Real-world performance on RTX 4090
- Q4_K_M (19.4 GB): 68–86 tok/s decode (with chain-of-thought verbosity)
- Q5_K_M (22.9 GB): 56–70 tok/s
- Q8_0 (35 GB): partial offload, 18–24 tok/s
Should you run this locally?
Yes, for 24 GB GPU owners who want strong reasoning at full-GPU speed. Best speed-quality tradeoff in the reasoning space. No, for users who can accept 70B's offload speed — pick R1 Distill Llama 70B for higher reasoning ceiling.
How it compares
- vs DeepSeek R1 Distill Llama 70B → 70B is smarter; this 32B is much faster (full GPU). Pick by speed-vs-quality.
- vs QwQ 32B → similar size, R1 Distill wins on hardest reasoning; QwQ has slightly cleaner everyday traces. R1 Distill is the stronger pick for math/code planning.
- vs Qwen 3 32B with thinking mode → Qwen 3 32B is more flexible (thinking toggle); R1 Distill has more aggressive reasoning training. Coin flip.
Run this yourself
ollama pull deepseek-r1:32b-distill-qwen-q4_K_M
ollama run deepseek-r1:32b-distill-qwen-q4_K_M
Settings: Q4_K_M GGUF, 16384 ctx, full GPU on RTX 4090
›Why this rating
8.8/10 — the right reasoning model for users who want full-GPU offload on a 24 GB card. Distills R1 reasoning into the Qwen 2.5 32B body — fits in 19 GB at Q4, no system-RAM partial-offload required. Loses fractional points to the 70B distill on absolute reasoning quality.
Overview
32B distill — fits on a single 24GB card with reasoning capability. Best price-per-thinking-token combo for prosumers.
Featured in these stacks
The L3 execution stacks that pick this model as a recommended component, with the one-line note explaining the role it plays in each.
- Stack · L3·Workstation tier·Role: Primary reasoning modelBuild a local reasoning-model stack (May 2026)

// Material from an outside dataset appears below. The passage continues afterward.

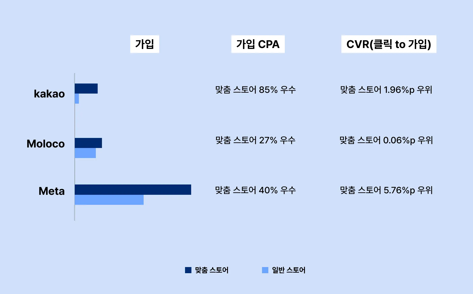 → 이를 통해 광고 소재의 메시지와 랜딩의 맥락이 일치 및 연관성이 높을수록 유저들의 전환 이후 행동(가입)이 활성화 되는 점을 확인했습니다.

DeepSeek R1 Distill Qwen 32B is the reasoning model that actually runs at 24GB VRAM via AWQ-INT4. Stronger reasoning quality per parameter than the full DeepSeek R1 (which needs ~700GB and is impossible locally). Distill gives ~80% of R1's reasoning at 5% of the VRAM.
- Stack · L3·Production tier·Role: 32B reasoning modelDual RTX 4090 workstation stack — newer-architecture 70B serving without NVLink
32B class on dual-4090 leaves substantial headroom — 64K context fits comfortably. R1 distill brings explicit thinking-mode emission for hard reasoning tasks. The L1.25-enriched workstation reasoning canonical.
Execution notes
Operator notes
DeepSeek R1 Distill Qwen 32B is the canonical local-reasoning-model deployment in May 2026. Captures ~80% of full DeepSeek R1's reasoning quality in 5% of the VRAM. Apache 2.0. The /stacks/local-reasoning-model recipe is built around this configuration.
The honest framing: full DeepSeek R1 isn't realistically deployable locally (~700GB at any quant). The distill is what makes serious reasoning workloads viable on consumer hardware. Distilled into a Qwen 2.5 32B base; preserves R1's reasoning-token emission discipline while fitting RTX 4090 / 5090 / M3 Max class hardware.
Deployment notes
The /stacks/local-reasoning-model recipe pairs this model with vLLM on RTX 4090 24GB with AWQ-INT4 + 32K context + chunked prefill. Hits ~32 tok/s decode after the initial 1500-3000 thinking tokens emission. End-to-end on a typical reasoning query: 50-90 seconds wall-clock — slower than chat models, much higher quality on math / code / analysis.
For 16GB VRAM, drop to DeepSeek R1 Distill Qwen 14B — meaningfully less reasoning depth but viable.
For Apple Silicon, MLX-LM on M3 Max 64GB / M4 Max handles the 32B distill comfortably; expect ~24-28 tok/s decode (vs RTX 4090's ~32).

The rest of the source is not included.